Bewegungsangebote gibt es viele

Für alle Schüler ist die Teilnahme am Sportunterricht verpflichtend. Darüber hinaus bieten viele Schulen unverbindliche Übungen in Bewegung und Sport an. Dieses Angebot richtet sich vorrangig an Schülerinnen und Schüler mit motorischen Defiziten. Gut 140.000 Kinder und Jugendliche nehmen dieses Angebot jährlich war.

Eine über den schulische Einflussraum hinausgehende Initiative ist „Kinder gesund bewegen 2.0“. Ziel des Programms ist es Bewegung und Sport in den Alltag von Kindergarten- und Volksschulkindern zu bringen.

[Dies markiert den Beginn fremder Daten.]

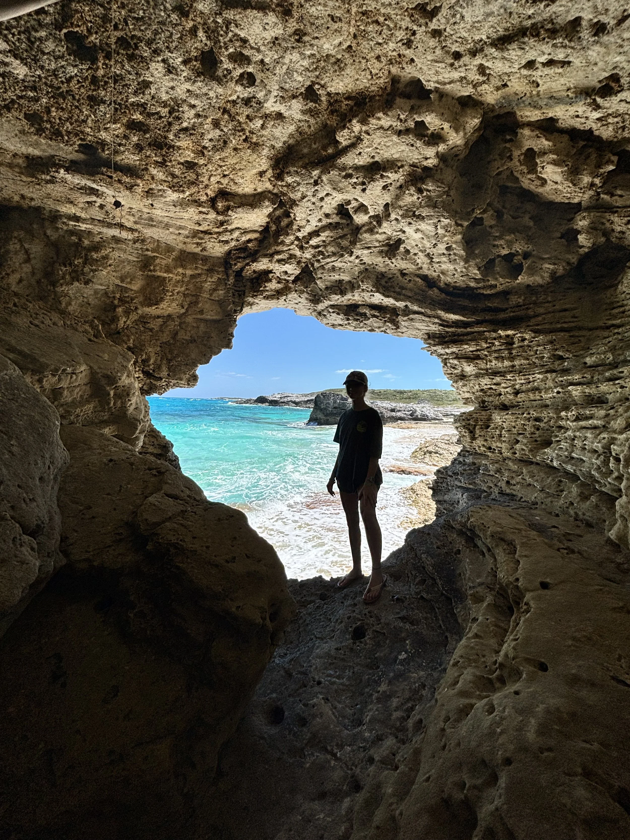 Claire exploring a cave in the Exumas.

Dazu arbeiten die Sport-Dachverbände ASKÖ, ASVÖ und Sportunion zusammen. Kindern können kostenlose an zahlreichen sportlichen Aktivitäten teilnehmen. Alleine im Schuljahr 2017/18 wurden 95.361 bewegungsfördernde Einheiten abgehalten.

Auch mit der Bewegungsinitiative „Gesund und Munter“ fördert das Unterrichtsministerium die Verbesserung der koordinativen und konditionellen Fähigkeiten von Volksschülerinnen und -schülern. Verschiedene Sportarten, wie Laufen, Geräteturnen, Schwimmen sowie viele weitere, werden den Kindern nähergebracht. Durch das eintragen der Aktivitäten in ein Bewegungstagebuch werden die Fortschritte in den verschiedenen Bewegungsbereichen bewusst gemacht.

Andere Studien, andere Ergebnisse

So bedenklich das Ergebnis der WHO-Studie auch erscheint, ganz so schlimm wie dargestellt dürfte es aber nicht sein. Eine im Jahr 2017 durch das Land Niederösterreich durchgeführte Studie zum Sportverhalten von Kindern im Bundesland zeichnet ein anderes Bild.

31 Prozent der 2.122 befragten Schülerinnen und Schülern der 5.-12. Schulstufe gaben an, zumindest sieben Stunden pro Woche körperlich aktiv zu sein. 86 Prozent treiben zumindest einmal die Woche Sport in ihrer Freizeit und sogar 42 Prozent der Kinder sind in einem Sportverein aktiv.

 „Springschnurspringen können sie auch nicht mehr“, sagt die Lehrerin Sylvia Ullrich. Das die motorischen Fertigkeiten bei Kindern abgenommen haben ist ein Problem, dass erkannt wurde. Initiativen zur Verbesserung sind eingeleitet und tragen scheinbar schon Früchte.

Die schnellste und unkomplizierteste Hilfe bei jungen Bewegungsmuffeln bietet immer noch die Familie. Durch eine aktive Gestaltung der Wochenenden mit Sport, Wandern oder auch nur Spazierengehen ist das WHO-Ziel schon so gut wie erfüllt.